Osman bu aptal duruma iyice sinirlenirken yapmak istediği tek şey bunun yapan şerefsizi bulmaktı. Onu bulmak ve tehditlerine pişman etmekti.

Bunun dışında Sinan'a ne söyleyebileceğini hiç bilmiyordu. Anlatabileceği kimse yoktu, her zaman olduğu gibi yalnız başına çözmeliydi.

•••

Şimdi

Osman kızıp bağırmanın dışında Sinan'dan böyle bir darbe beklemediği için şaşırmıştı. Yana dönmüş başını kaldırıp Sinan'a bakarken onun gözlerinde sadece öfke görüyordu.

Yakınlardakiler bir anda onlara dönerken bu olayın büyümesini istemiyordu. Sinan'ın ağzından yanlış şeyler çıkmasını istemiyordu.

Eda ve Işık şokla onlara bakarken Kerem Sinan'ı onun yakalarından ayırmaya çalışmıştı.

Osman, Sinan'ın yakalarındaki ellerine uzanarak dişlerinin arasından konuştu, "Burda olmaz Sinan."

"Ne oluyor oğlum, yine neyi çözemediniz?" diye konuya direkt daldı Eda, onların durup durup bu halde olmasından bıkmıştı.

Sinan onun yakalarını iterek bırakırken Osman arkasındaki banka çarpmıştı. Eda'yı duymazdan gelerek konuştu. "Nerede olur Osman? Söyle burda olmazsa nerede olur?" Sesini yükseltmeye başladığında artık iyice gerilmişti Osman.

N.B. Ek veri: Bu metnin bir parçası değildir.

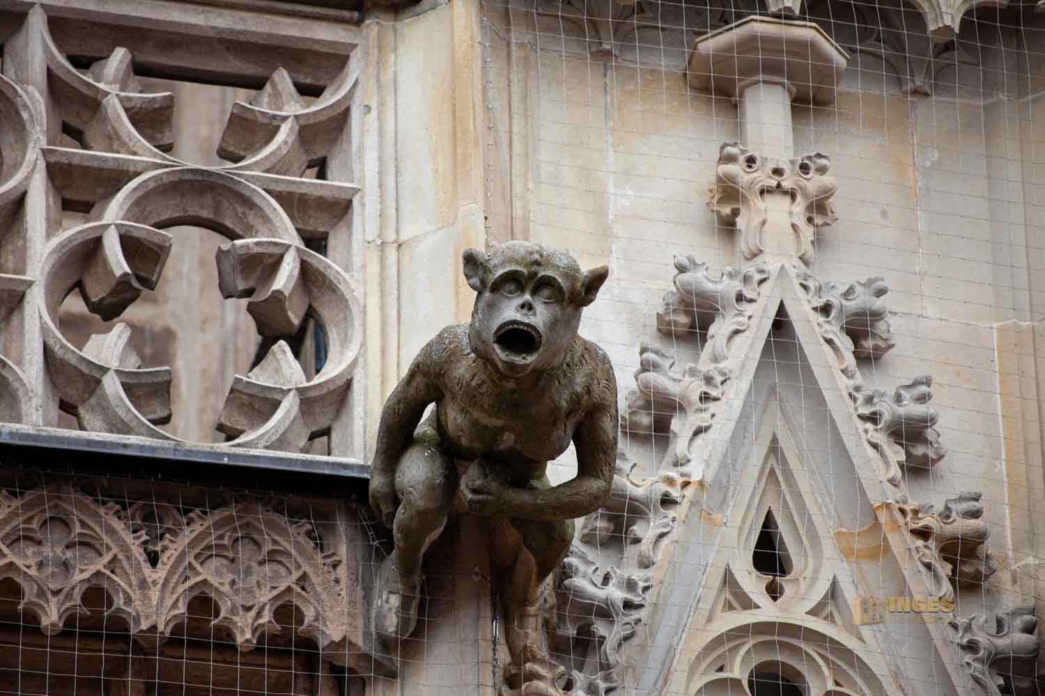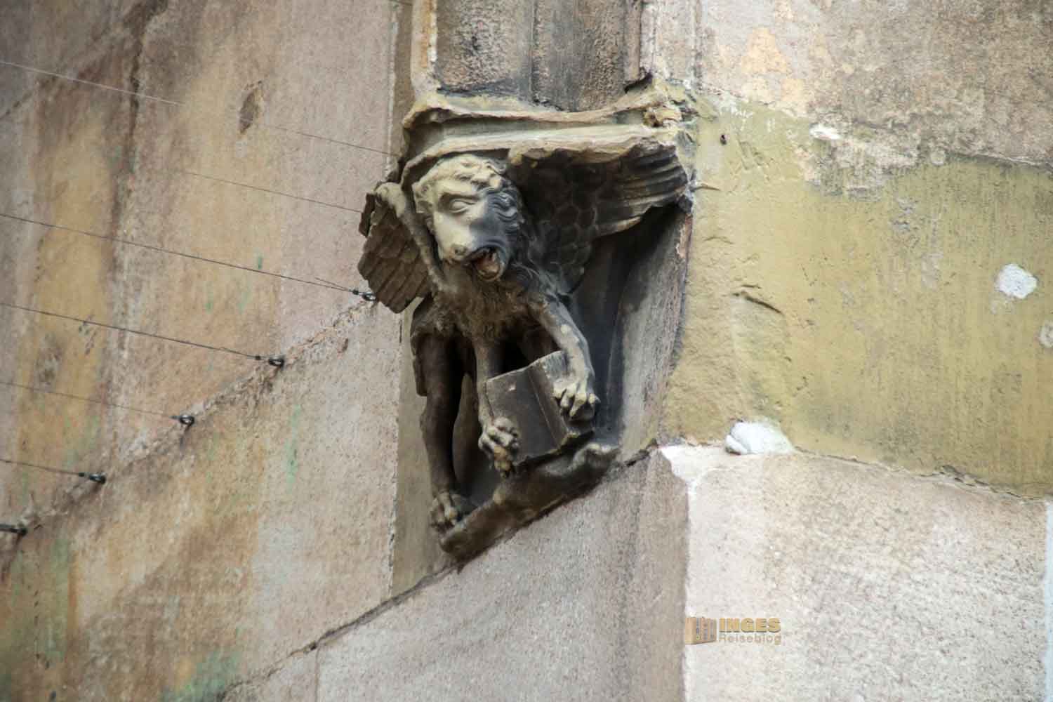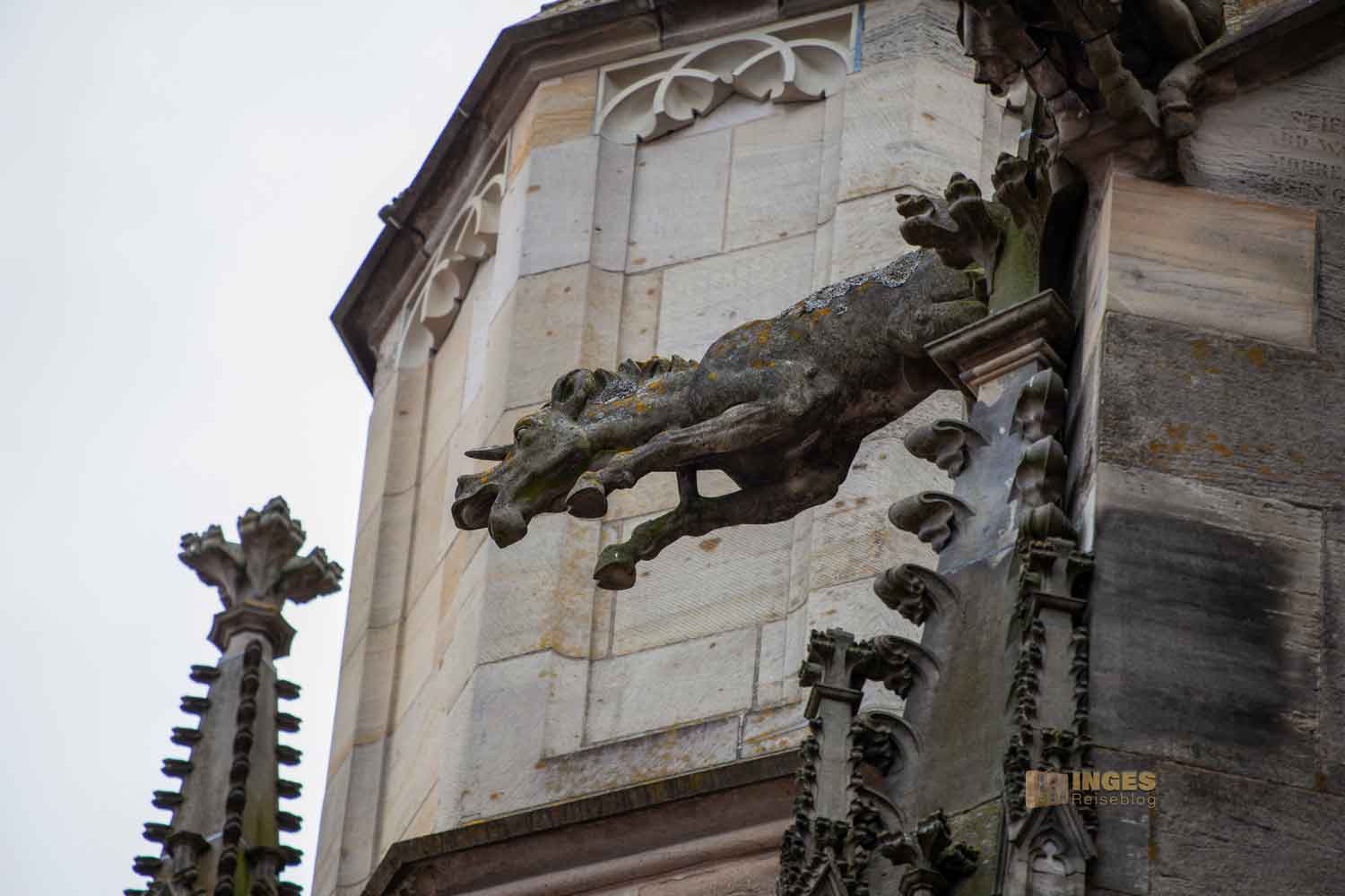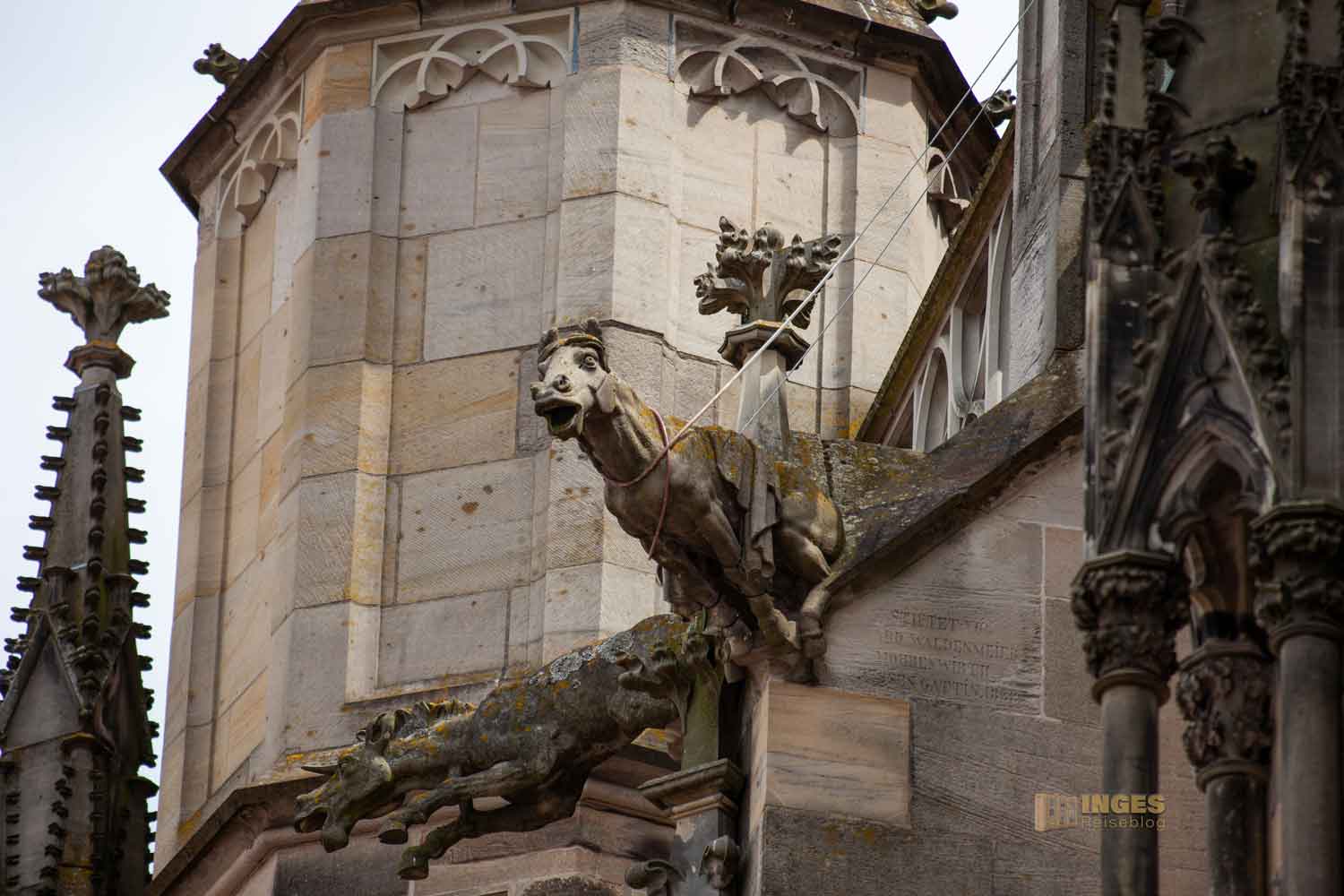 Direkt vor der Kirche, auf dem Münsterplatz, kommt man sich vor dem Münster schon ziemlich klein vor. Ich kann es ja nicht lassen, mein Kopf muss in den Nacken und wenn ihr mir nachtut, dann werdet ihr rings um das Münster in luftiger Höhe Figuren und Wasserspeier entdecken. Um genauer zu sein, 80 Stück sollen es sein, ihr könnt nachzählen. Sie haben mehrere Funktionen, die Wasserspeier ist klar, steht bei Regen tunlichst nicht drunter 😉 - die Figuren hatten zu dieser Zeit aber auch den Zweck das Böse fernzuhalten. Bei der Stiftskirche in Faurndau hat man dies auch reichlich mit Figuren versucht. Ich hab sie euch mal ein bisschen näher geholt ....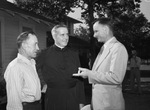 Ground breaking for Shrine at All Saints Catholic Church. Leo Czerwinski, John Maher and R. L. McCormick. Father Maher is chatting with the two leaders in the building program, which will eventually include a new church. Mr. Czerwinski is wearing a button-up shirt tucked into trousers. Father Maher is wearing his clerical clothing. Mr. McCormick is wearing a light-colored suit.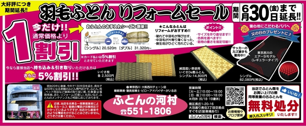 5月に大変ご好評いただいた「羽毛ふとんリフォームセール」。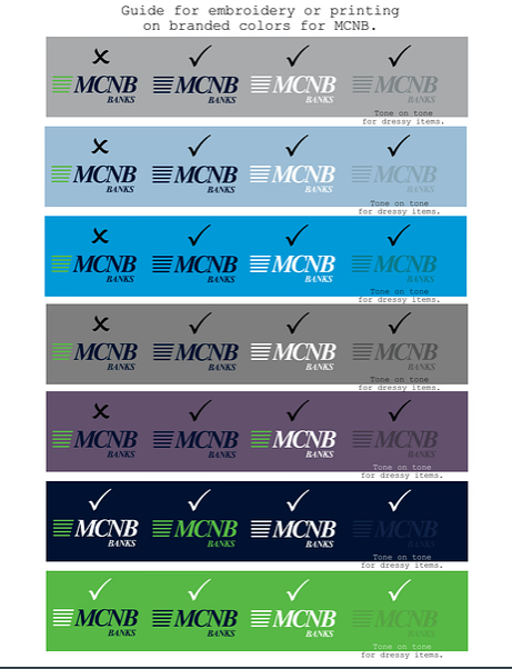 MCNB Bank logo options. Below are examples of the embroidery options.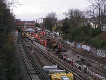 Taken from a slightly different angle, the track has been completely removed from platform two, in readiness to be skewed further away from platform one, prior to that platform being rebuilt a few days later. Platforms two and three are in the process of being lengthened in the direction of Waterloo. |

"Sinan." Uyarıcı bir tonda konuşsada onu dinlemeyeceğini biliyordu.

Sinan gözlerine ulaşmayan kısa bir gülüş sergiledikten sonra tekrar Osman'a baktı. "Osman," dedi onu taklit ederek. "Aptal mıyım ben? Anlamıyor muyum benden bir şeyler saklamak için yaptığını?" Osman'dan bir cevap gelmeyince gülerek devam etti. "Hayır, asıl aptal olan sensin. Ama madem birlikte çözmek yerine yalnız olmayı tercih ediyorsun," Eliyle omzuna hafifçe vurdu, "bundan sonra kime yakın olursan ol ama bana uzak ol."

Sinan arkasına bakmadan giderken Osman sinirliydi. Kendine sinirliydi çünkü bunu istediği halde neden bu kadar kırılmış hissettiğine anlam veremiyordu.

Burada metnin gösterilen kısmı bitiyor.